In chemical processing, a packed bed is a hollow tube, pipe, or other vessel that is filled with a packing material.  The packing can be randomly filled with small objects like Raschig rings or else it can be a specifically designed  structured packing.  Packed beds may also contain catalyst particles or adsorbents such as zeolite pellets, granular activated carbon, etc.

The purpose of a packed bed is typically to improve contact between two phases in a chemical or similar process.  Packed beds can be used in a chemical reactor, a distillation process, or a scrubber, but packed beds have also been used to store heat in chemical plants.  In this case, hot gases are allowed to escape through a vessel that is packed with a refractory material until the packing is hot.  Air or other cool gas is then fed back to the plant through the hot bed, thereby pre-heating the air or gas feed.

Applications

Packed column 
In industry, a packed column is a type of packed bed used to perform separation processes, such as absorption, stripping, and distillation. A packed column is a pressure vessel that has a packed section.

Columns used in certain types of chromatography consisting of a tube filled with packing material can also be called packed columns and their structure has similarities to packed beds.

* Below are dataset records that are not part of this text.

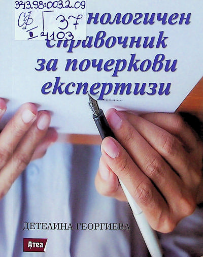 ЦБ I 4103 ГЕОРГИЕВА, Детелина Людмилова Терминологичен справочник за почеркови експертизи / . - [София] : Атеа Букс, 2017. - 127 с. ; 14 см Името на прев. е отбелязано на гърба на загл. с. ; Съдържа и: За авт.: с. 127 ; Библиогр.: с. 122-126 ; Азб. показалец: 98-117. ISBN 978-619-7280-51-7 Сист. N: 152187 |
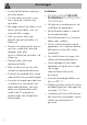 Anvisningar • Använd alltid kokkärl med jämn och plan botten. • Om det kokar över eller rinner över, torka bort vätskan från spishällen. • Var noga med att inte hälla ut sura ämnen på spishällen, som t.ex. citronsaft eller vinäger. • Häll inte socker eller söta blandningar på spishällen vid tillagning. • Placera inte material eller ämnen som kan smälta eller fatta eld (papper, plast eller aluminiumfolie) på spishällen vid tillagning. • Placera kärlen direkt på glaskeramikhällen.
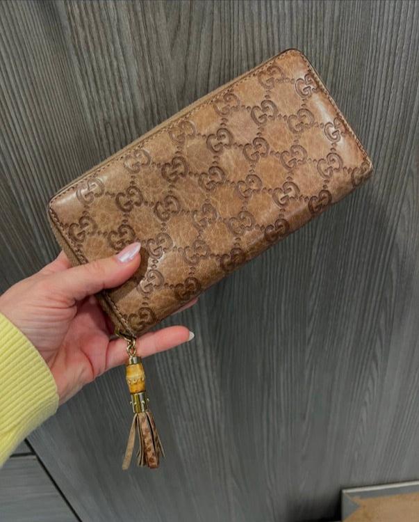 This pre-owned Gucci GG Bamboo Zip Wallet combines timeless sophistication with everyday practicality. Crafted from...
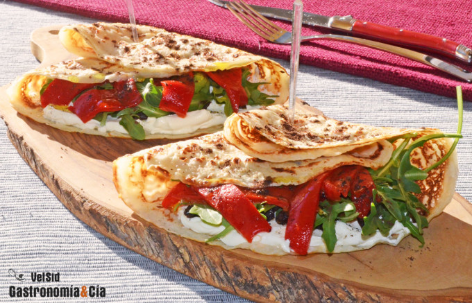 Creps rellenos de mascarpone y pimientos del piquillo
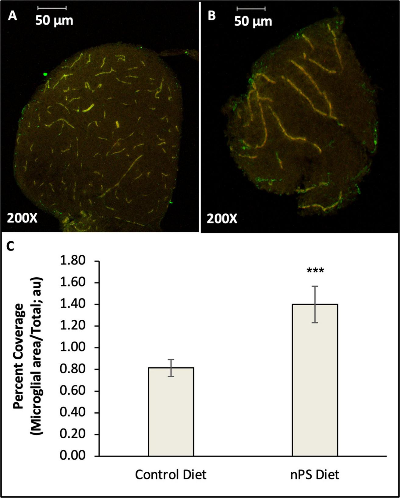 Future studies will be important for understanding the progression of microglial and astrocytic responses to a nanoplastic-contaminated diet over the course of longer exposures. Additionally, the responses to other types of common nanoplastics besides polystyrene, such as polypropylene and polyethylene will better inform understanding of how current trends in nanoplastic pollution may affect the brains of humans and other animals exposed to nanoplastics through dietary exposures.
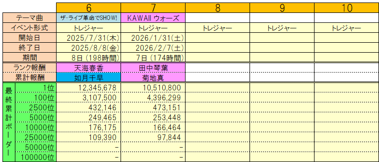 これまでに開催されたプラチナスタートレジャーの順位別ボーダー・日程・報酬等の一覧です。
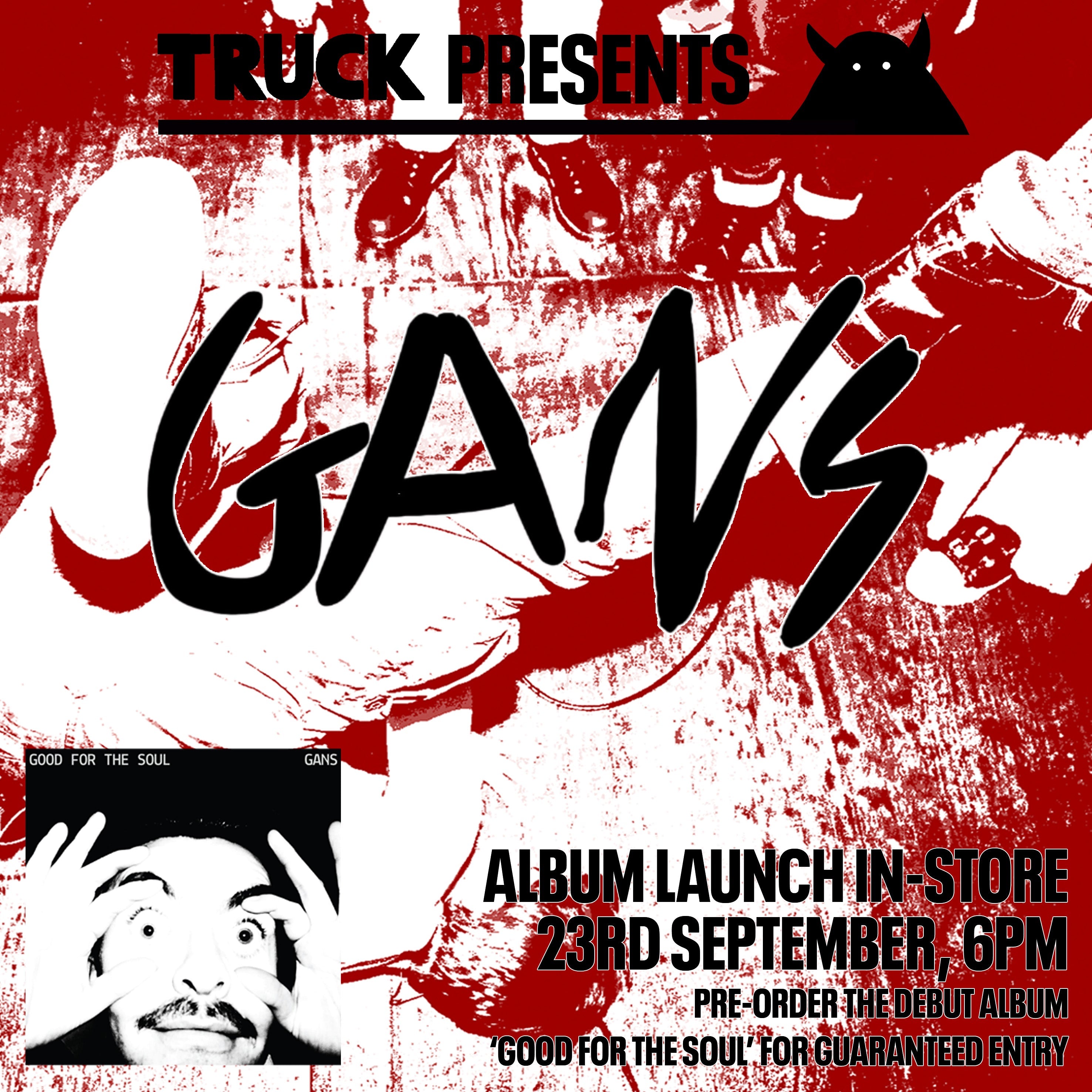 GANS bring their raw, rhythmic punk to the shop for an in-your-face in-store set, fresh off the release of their debut album GOOD FOR THE SOUL on Strap Originals. Hailing from Birmingham and rooted in the grit of the Black Country, the duo turn frustration and unease into something loud, urgent and cathartic. It’s going to be intimate, intense, and full of energy.
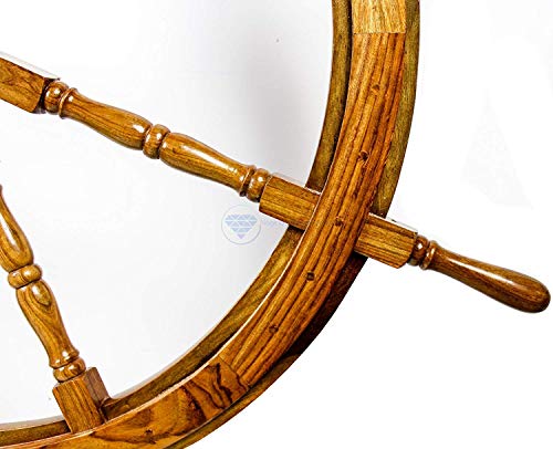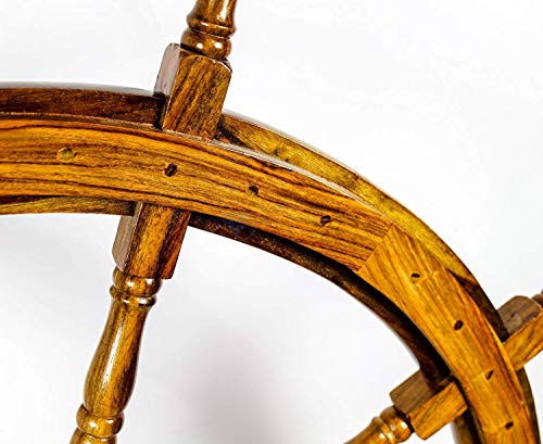 Very Simple And Beautifully crafted Premium Quality Wooden Ship Wheel. Its a lovely piece of Home Decor and we all would love it hung on our walls. Plus , it makes a great gift for pretty much every occasion and yes , Christmas too. Built With premium Quality , this is true work of craft and we are proud to present this to you. It features a brass hub which has a keyhole of 1 ” and perfect sits to the steering rod of the Boats and Ships , its not made for that but to be hung on wall. Keep Exploring for many more decor & size options. largest collection
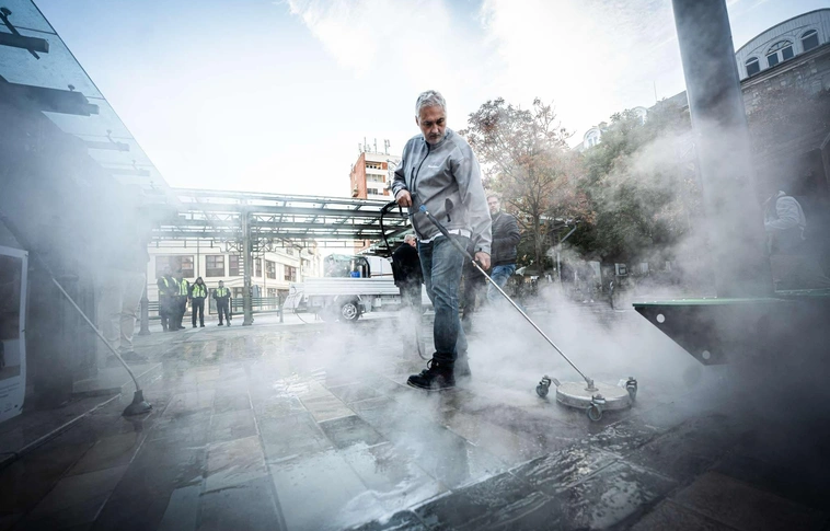 Az őszi nagytakarítás csütörtökön a Szinva teraszon kezdődött, és a következő két héten át a város legtöbb frekventált közterületét hasonló módon teszik rendbe.
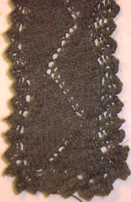 My gauge over my Kombu is K1, P1 rib is roughly 6spi , on US #4 needles. This gray scarf is about 6 inches wide, measured point to point. I’ve completed about three feet so far, averaging about eight inches per hour. Both the center pattern and lace edges are quick to memorize and knit. Alternate rows of the center are K1, P1 rib; alternate rows of the edgings are all knit. Because the scarf is based entirely on a combo of ribbing and garter stitch it lies absolutely flat, without curling.
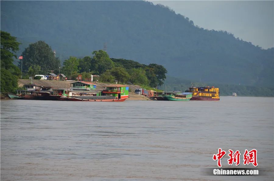 停泊在瀾滄江-湄公河岸邊的各國商船??姵?攝

Column structure: random and stacked packed columns 
The column can be filled with random dumped packing (creating a random packed column) or with structured packing sections, which are arranged or stacked (creating a stacked packed column). In the column, liquids tend to wet the surface of the packing and the vapors pass across this wetted surface, where mass transfer takes place. Packing material can be used instead of trays to improve separation in distillation columns. Packing offers the advantage of a lower pressure drop across the column (when compared to plates or trays), which is beneficial while operating under vacuum. Differently shaped packing materials have different surface areas and void space between the packing. Both of these factors affect packing performance.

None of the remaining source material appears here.